Valente began his bodybuilding career and went on to win the Mr. Gold Coast competition in the middleweight division, come in second at the Mr. Golden Glades competition, and placed third in the Mr. Florida competition in the light heavyweight division. In 1983, Valente won the Tall Class of the NPC Mr. Los Angeles Contest and was on the cover of Flex Magazine.

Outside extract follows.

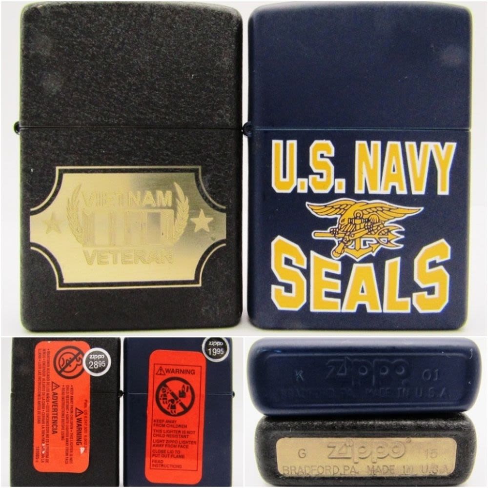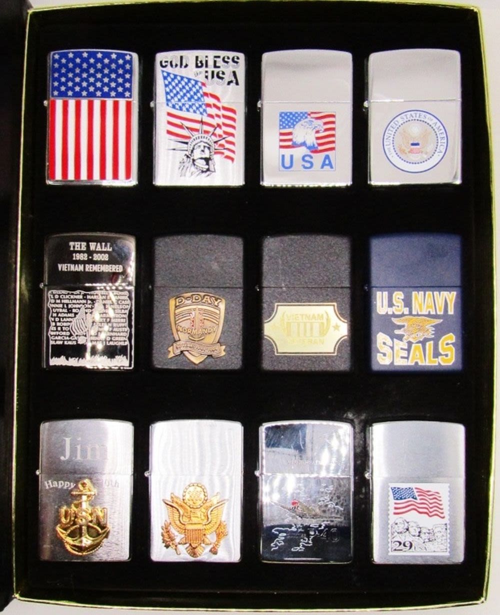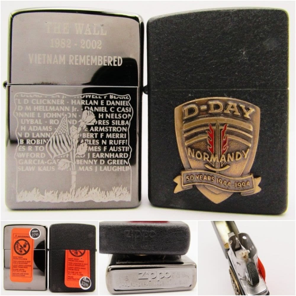 American Zippo Lighters, United States of America, Vietname Remembered “The Wall”, D-Day Normandy, Vietnam Veteran, U.S. Navy Seals, United States Navy “Happy 70th Jim”, Vintage Aircraft Curtiss P-40, Postage Stamp;

He has also worked as a personal trainer at a gym, with clients including Gregory Hines, Sally Field, Jeff Goldblum, Chuck Woolery, Jermaine Jackson, Dennis Alexio, and Chuck Arnoldi. In 1984, Valente was the winner of the Mr. Los Angeles competition. He also placed second in that year's Mr. California competition. His bodybuilding career was cut short in August 1987 when he suffered a third degree pectoral tear. He has since continued his personal trainer business at Gold's.

==Television and print==
In 1987, Valente was featured in a national advertising campaign for LA Gear, which featured him soon after his Mr. Los Angeles title. Valente became known as the "Bruce Jenner" of bodybuilding. Valente was a sports fitness model for a range of media including magazines like Muscle & Fitness, Flex Magazine, MuscleMag International, and Powerhouse; national television commercials; and the album cover for Van Halen's 5150, where he posed as Atlas lifting a globe on his shoulders with the Van Halen symbol on it. Overall, he was featured in 41 commercials and 40 covers for magazines or books.

In 1989, Valente auditioned for and received the hosting position for the television show BodyShaping on ESPN, appearing twice a day five days per week and often hosting from global locations. The show filmed 75 episodes at a time, including specials featuring P.E.T.A, Special Olympics, and the Playboy Mansion. Valente hosted the show throughout the 1990s and into the early 2000s, and at its height had more than three million viewers daily in over 90 countries
where an additional 60 million viewers tuned in. He has also appeared on ABC, N1BC, ESPN, CNN and MTV, and is the spokesperson for Ferrara Bakery and Café.